Moving to consider the legality of the “no foal, no fee” cost structures provided for by Clause 5.2 of the contract, Mr Justice Hogan highlighted that counsel for the respondent had confirmed that it was proposed to claim costs only on the basis of Clause 5.3 and as such, the Court’s conclusions thereon would be strictly obiter.

Recognising that “no foal, no fee” cost arrangements are now very widespread throughout the legal system, particularly in the case of private litigants in areas such as personal injuries, clinical negligence claims and judicial review, the Court acknowledged that at one level, s.11 of the Attorneys’ and Solicitors’ Act 1870 could be interpreted to suggest that arrangements of this kind were unlawful.

However, Mr Justice Hogan explained that this was not how the section was actually interpreted prior to 1922 and that the balance of authorities demonstrated that such arrangements were not regarded as unlawful at common law as it stood prior to 1922, with cases such as Rich v Cook (1900) 110 LT Jo. 94 recognising that “there was no impropriety at all in a solicitor’s merely conducting a speculative action, for if it were improper for a solicitor to do so, many poor people would be unable to get their legal rights”.

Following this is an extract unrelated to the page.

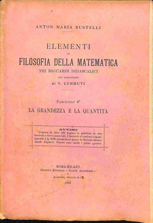 Elementi di filosofia della matematica nei riguardi didascalici. Fascicolo 4o. La grandezza e la quantita'

Accordingly, the Court found that such arrangements formed part of the law carried forward into the Irish jurisdiction by the Constitution of the Free State in 1922 and later by the Constitution in 1937, highlighting that “Whatever doubts may arise from the language of s. 11 of the 1870 Act, the consistent judicial understanding of that provision, coupled with long-standing professional practice, supports the conclusion that such arrangements are not in themselves champertous or otherwise unlawful.”

As to developments post-1922 in England and Wales, Mr Justice Hogan explained that while modern English authorities such as Wallersteiner v Moir (No. 2) [1975] QB 373 tended to adopt a stricter view on maintenance and champerty, those developments do not reflect the law in Ireland.

The Court considered inter alia that “Article 34 of the Constitution vests the administration of justice in the courts and there is, moreover, a multitude of cases which attest to the proposition that Article 34, read in conjunction with Article 40.3.1⁰, guarantees a constitutional right of access to the courts. If that right is to be made effective, then an existing practice whereby persons of modest means can obtain access to justice should not lightly be held to be unlawful.”

Mr Justice Hogan then addressed the appellants’ contention that as solicitors can only furnish a bill of costs in respect of an actual obligation to pay costs, a conditional uplift fee of the kind contemplated at Clause 5.2 was invalid as it did not reflect the indemnity principle outlined in Attorney General (McGarry) v Sligo County Council (No.2) [1991] 1 IR 99 where there could be no legal liability to pay on costs on foot of a “no foal, no fee” arrangement.

The judge acknowledged that while there is English caselaw supporting that approach, and while such arrangements do not sit easily with the traditional articulation of the indemnity principle, that principle could not be regarded as absolute and “To insist on its unqualified application would, in effect, undermine a system of legal practice which is both longstanding and of practical importance.”

In the circumstances, Mr Justice Hogan determined that Clauses 5.2 and 5.3 of the contract were not champertous or otherwise unlawful.

Conclusion

Accordingly, the Supreme Court dismissed the appeal.